- English film poster
- Directed by: Stavros Tsiolis
- Written by: Nikos Foskolos
- Produced by: Finos Film
- Starring: Nikos Kourkoulos
- Music by: Mimis Plessas
- Production company: Finos Film
- Release date: 23 March 1971;
- Running time: 104 minutes
- Country: Greece
- Language: Greek

= Abuse of Power (film) =

1971 film by Stavros Tsiolis

Abuse of Power (Κατάχρησις Εξουσίας) is a 1971 film directed by Stavros Tsiolis and starring Nikos Kourkoulos, Betty Livanou and Manos Katrakis.

== Plot ==

Nikos Kourkoulos plays Haridimos Tsiontis, a student who becomes a police detective and a member of the drug squad looking for the killers of his drug-addicted brother.
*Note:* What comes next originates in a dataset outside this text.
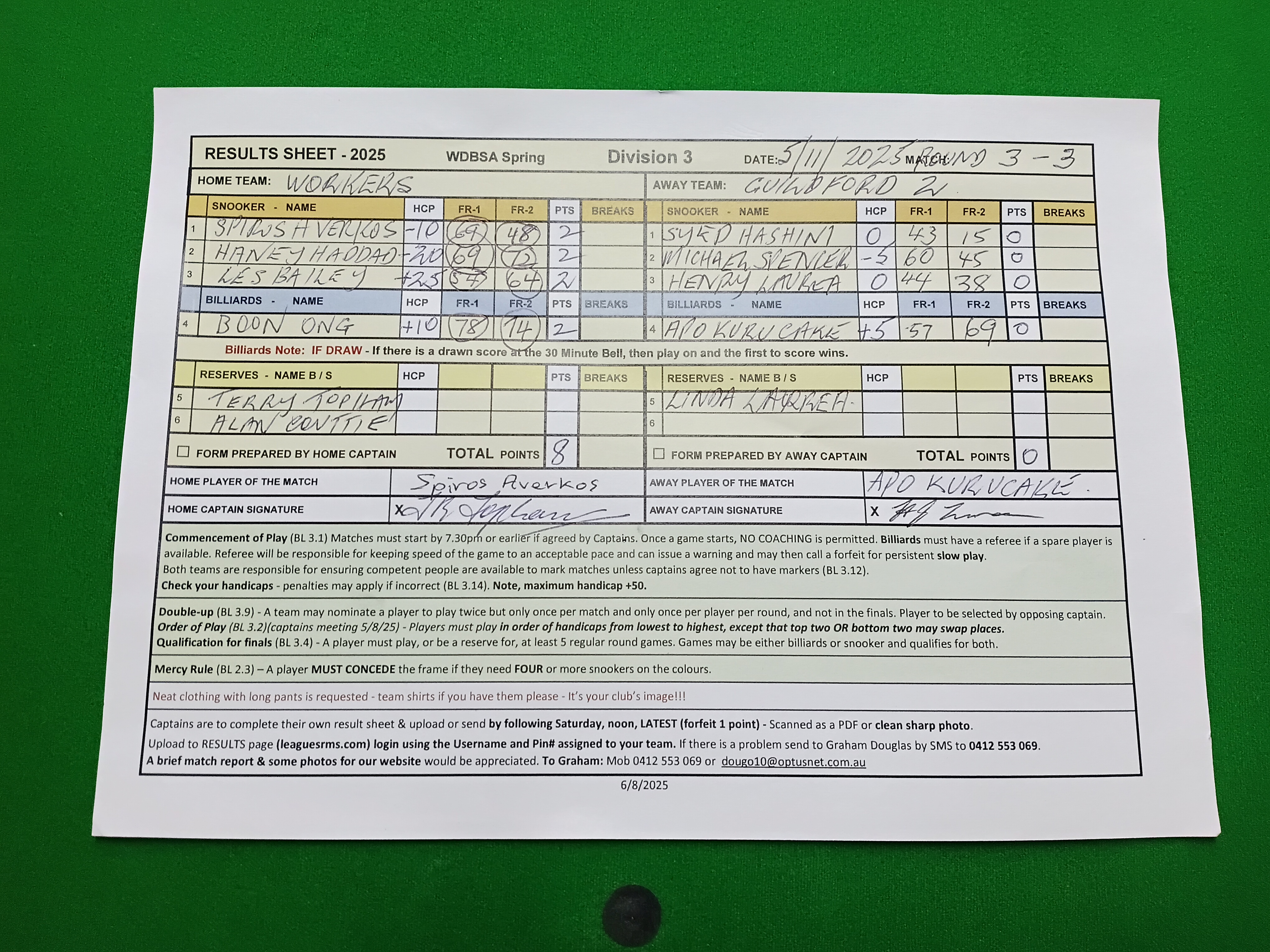 | POS | Workers | Frame 1 | Net | Frame 2 | Net | PTS | Breaks | Guildford #2 | Frame 1 | Net | Frame 2 | Net | PTS | Breaks | Result Note | Updated on | Update by |

His unconventional tactics get him into trouble with his superiors but they eventually relent and allow him to continue his investigation. The drug dealers discover his identity and force him to become a drug addict. In the end, Tsiontis recovers from his drug addiction and manages to get the drug kingpin arrested. His superior officer congratulates him and offers him a permanent job as a member of the drug squad but Tsiontis refuses and returns to his studies.

== Cast ==
- Nikos Kourkoulos as Charidimos Siontis / Stathis Theodorelos
- Betty Livanou as Eleni Apostolopoulou
- Manos Katrakis as Kanelos Vasilopoulos
- Spyros Kalogirou as Vasilis Apostolopoulos
- Giannis Argyris as boss
- Nassos Kedrakas as pub owner
- Andreas Filippidis as police chief
- Spyros Konstantopoulos as Peresiadis
- Dinos Karydis as Antonis

== Production ==
The film includes scenes from Thrace, e.g. at Lake Vistonida and at the Evros customs house.

== Release ==
The film premiered in Greece on 23 March 1971.

==Reception==
Abuse of Power was the fourth most commercially successful film of 1971 in Greece.